▶ **Your goal**
Reproduce exactly the line that contains "Sujet cigogne et bébé - 15.5 cm" and every line after it through the end of the records below, leaving out all pictures.
[Opening Input section]
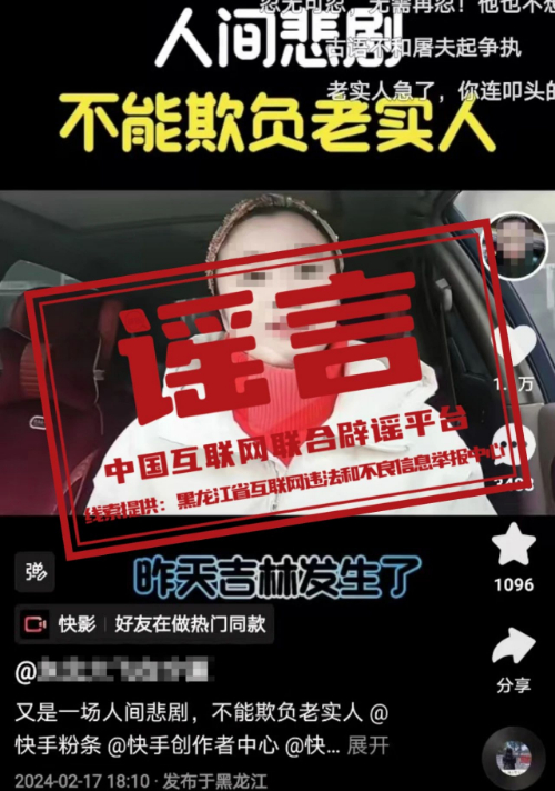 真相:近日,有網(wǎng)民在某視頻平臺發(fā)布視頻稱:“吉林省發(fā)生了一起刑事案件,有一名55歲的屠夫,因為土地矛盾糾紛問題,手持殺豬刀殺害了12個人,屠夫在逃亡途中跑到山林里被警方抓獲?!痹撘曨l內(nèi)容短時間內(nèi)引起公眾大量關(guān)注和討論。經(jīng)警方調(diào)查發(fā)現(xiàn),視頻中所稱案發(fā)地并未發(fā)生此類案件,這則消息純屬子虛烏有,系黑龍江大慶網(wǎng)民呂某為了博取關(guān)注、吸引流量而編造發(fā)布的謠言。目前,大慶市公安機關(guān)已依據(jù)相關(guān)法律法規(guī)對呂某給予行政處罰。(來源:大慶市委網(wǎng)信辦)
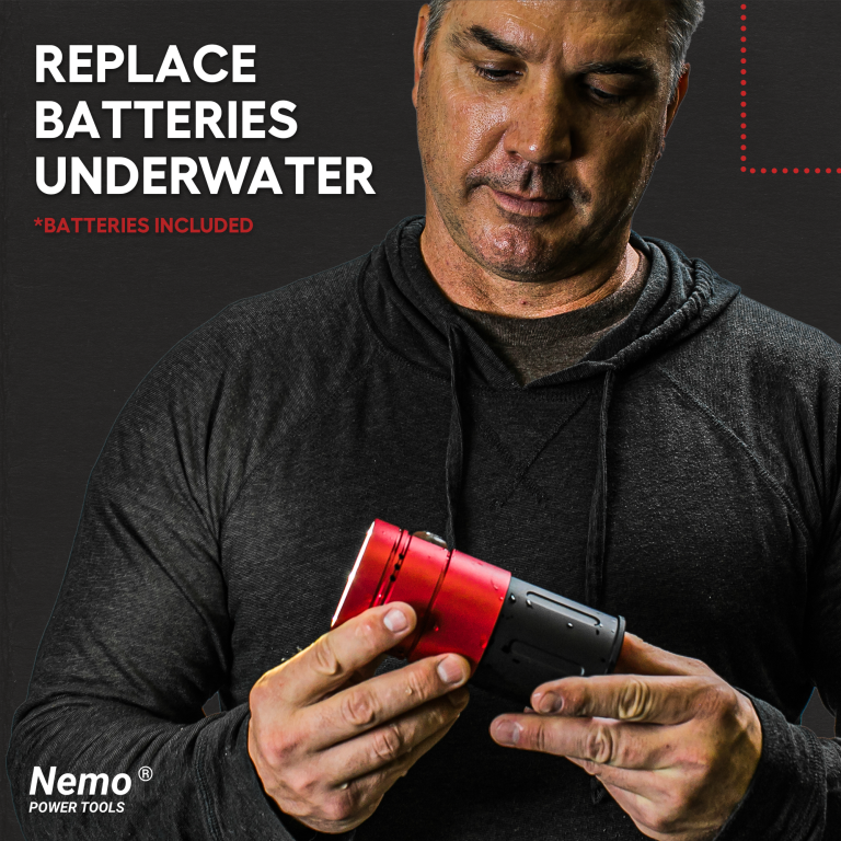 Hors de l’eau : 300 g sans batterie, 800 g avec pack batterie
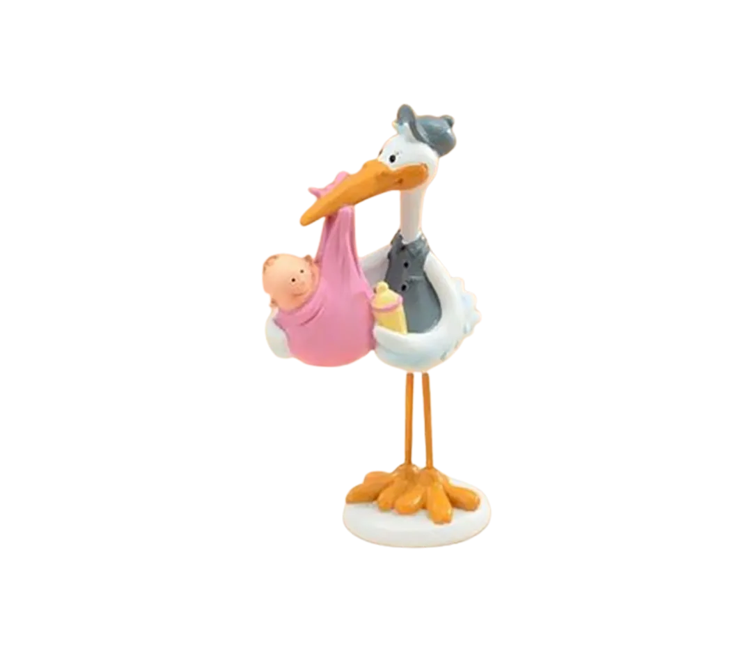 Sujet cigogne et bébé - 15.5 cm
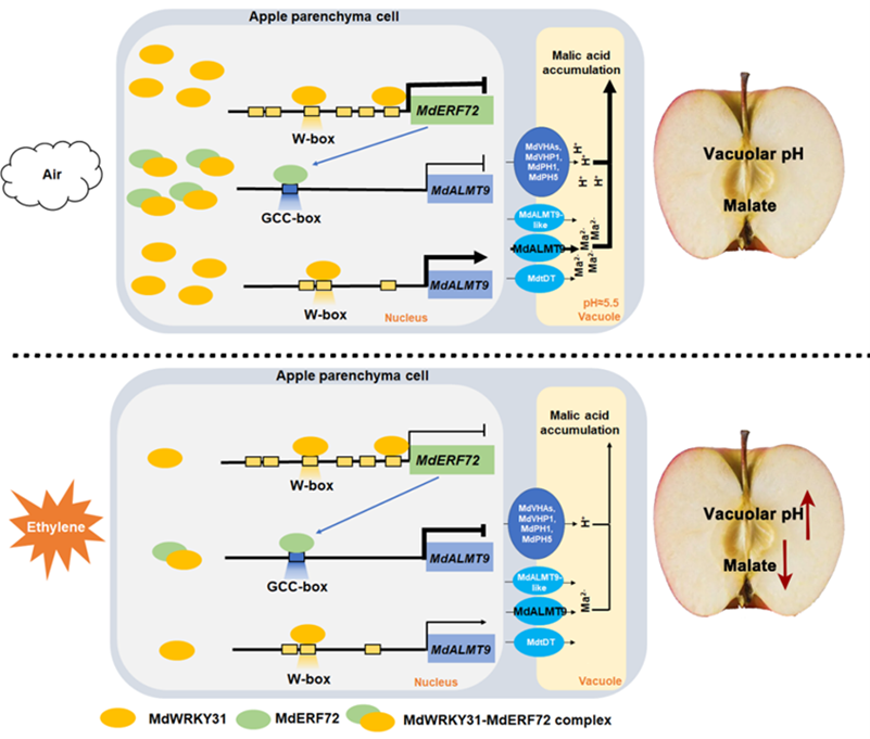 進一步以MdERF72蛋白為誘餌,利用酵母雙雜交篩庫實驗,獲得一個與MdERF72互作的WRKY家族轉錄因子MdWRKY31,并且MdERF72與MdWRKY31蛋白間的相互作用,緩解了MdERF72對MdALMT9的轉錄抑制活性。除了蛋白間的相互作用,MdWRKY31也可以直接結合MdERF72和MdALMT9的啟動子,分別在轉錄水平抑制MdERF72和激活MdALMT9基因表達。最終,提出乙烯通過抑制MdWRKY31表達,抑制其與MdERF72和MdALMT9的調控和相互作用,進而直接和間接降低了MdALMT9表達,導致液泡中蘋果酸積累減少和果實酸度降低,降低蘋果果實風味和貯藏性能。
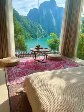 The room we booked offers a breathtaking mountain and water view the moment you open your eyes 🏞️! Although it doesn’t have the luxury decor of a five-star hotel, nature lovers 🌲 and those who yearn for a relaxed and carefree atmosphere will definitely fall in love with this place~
[Closing Input section]
▶ **Result**
 Sujet cigogne et bébé - 15.5 cm
 進一步以MdERF72蛋白為誘餌,利用酵母雙雜交篩庫實驗,獲得一個與MdERF72互作的WRKY家族轉錄因子MdWRKY31,并且MdERF72與MdWRKY31蛋白間的相互作用,緩解了MdERF72對MdALMT9的轉錄抑制活性。除了蛋白間的相互作用,MdWRKY31也可以直接結合MdERF72和MdALMT9的啟動子,分別在轉錄水平抑制MdERF72和激活MdALMT9基因表達。最終,提出乙烯通過抑制MdWRKY31表達,抑制其與MdERF72和MdALMT9的調控和相互作用,進而直接和間接降低了MdALMT9表達,導致液泡中蘋果酸積累減少和果實酸度降低,降低蘋果果實風味和貯藏性能。
 The room we booked offers a breathtaking mountain and water view the moment you open your eyes 🏞️! Although it doesn’t have the luxury decor of a five-star hotel, nature lovers 🌲 and those who yearn for a relaxed and carefree atmosphere will definitely fall in love with this place~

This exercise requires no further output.